太子最大的优势无非嫡出之名,声名水上风,待他手中筹码一一毁去便是换天时。书白与李流霆祭过门中先贤与谋逆案中无辜亡者将要启程,门中弟子皆已归家,岛中四下无人一片静谧,李流霆将她送至桃树下不便再送,“你此番孤身前去,本就是刀口舔血万般凶险,不求你毫发无伤,但求惜命活着回来。”劝阻的话几番欲言又止,不能劝,不可劝,路已行半怎可半途而废,血海深仇,书白心性至坚,也劝不住。话一出口李流霆便觉伤情,“我老了,顾家后人只你一人,一点血脉,无论出于门中传承或者个人私心,师叔都希望你活着回来。哪怕...”哪怕放弃复仇,但这话终究没有出口,“年纪大了话也多,你且去吧,我看你出岛便回了。”谁不曾有过少年时,都有各自要走的路。
别离之际到底不舍,两年来门中事多赖师叔操劳,亦师亦父,为师为友,不过两年鬓角星点见白令人感怀,书白负琴向师叔长揖一礼,诸多言语唯化一句万望保重。

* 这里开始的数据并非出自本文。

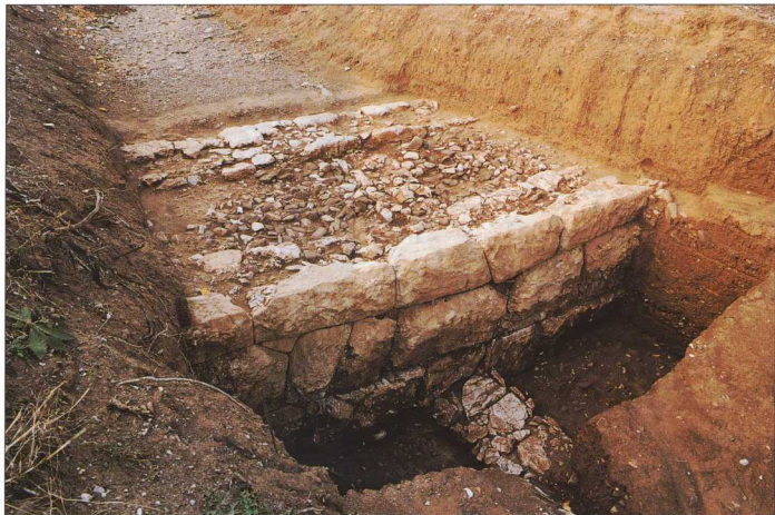
Τμήμα του οχυρωματικού περιβόλου, στην κοίτη του ποταμού Κορνέσιου.

577 περίπου στρέμματα. Τα ανασκαφέντα τμήματά του χρονολογούνται στους ελληνοιστικούς χρόνους, με ανατειχισμό και μετασκευή σε ορισμένες περιπτώσεις σε σχέση με την κυρίαρχη φάση. Διατηρείται η λίθινη κρηπίδα, κτισμένη κατά το ακανόνιστο ανισόδομο σύστημα, με τοίχους στις εξωτερικές επιφάνειες από πλίνθους ντόπιου αμιγδαλίτη λίθου, και στο μεταξύ αυτών κενό με κροκάλες και λατύπη. Η τοιχοδομία του συμπληρώνεται από κατά διαστήματα εγκάρσιους τοίχους (τα ζεύγματα), οι οποίοι έδεναν τις εξωτερικές παρείες. Το εποικοδόμημα του λιθόκτιστου τμήματος ήταν από πλίθρες. Αυτό επιβεβαιώνεται από την ανασκαφική έρευνα στην οχυρωματική εγκατάσταση της ΝΔ πύλης, όπου εντοπίσαμε τα κενά από τους προϋπάρχοντες εγκάρσιους ξύλινους ενδέσμιους (κοινώς ξυλοδεσιές) που συγκρατούσαν το σώμα των ωμών πλίνθρων.

薄雪飘忽落在肩头化开,游子离乡不知归日,李流霆望见她越走越远终于不见。
借道扬州,城中家家团聚,城外萧索无人,下了码头船工也早早收工归家。书白一人沿路走过,行至角楼似能望见城中高阁,她驻足看了一会又前行,走了片刻前方远远现出城外茶肆,待走近本应无人的茶座前却站着一人,一件水红大氅明火一般将四野衬待黯然失色,还以为未从方才错觉走出,再睁眼那人仍在。自那日不欢而散两人各有事务竟再没相见,此刻却又在眼前。
“愣着做什么,还不快来牵马。”两匹马在酒招下马蹄踢踏喷了个响鼻,她等得不耐先行上马扬声催促,自然得不过一次故友重逢。
“你尚欠我一命,我自得看紧追债。”阿辞目视前方并不看她,书白望她翻身上马到了眼前似才回神,唇边浮起微微笑意,“那是自然,欠债还钱天经地义。”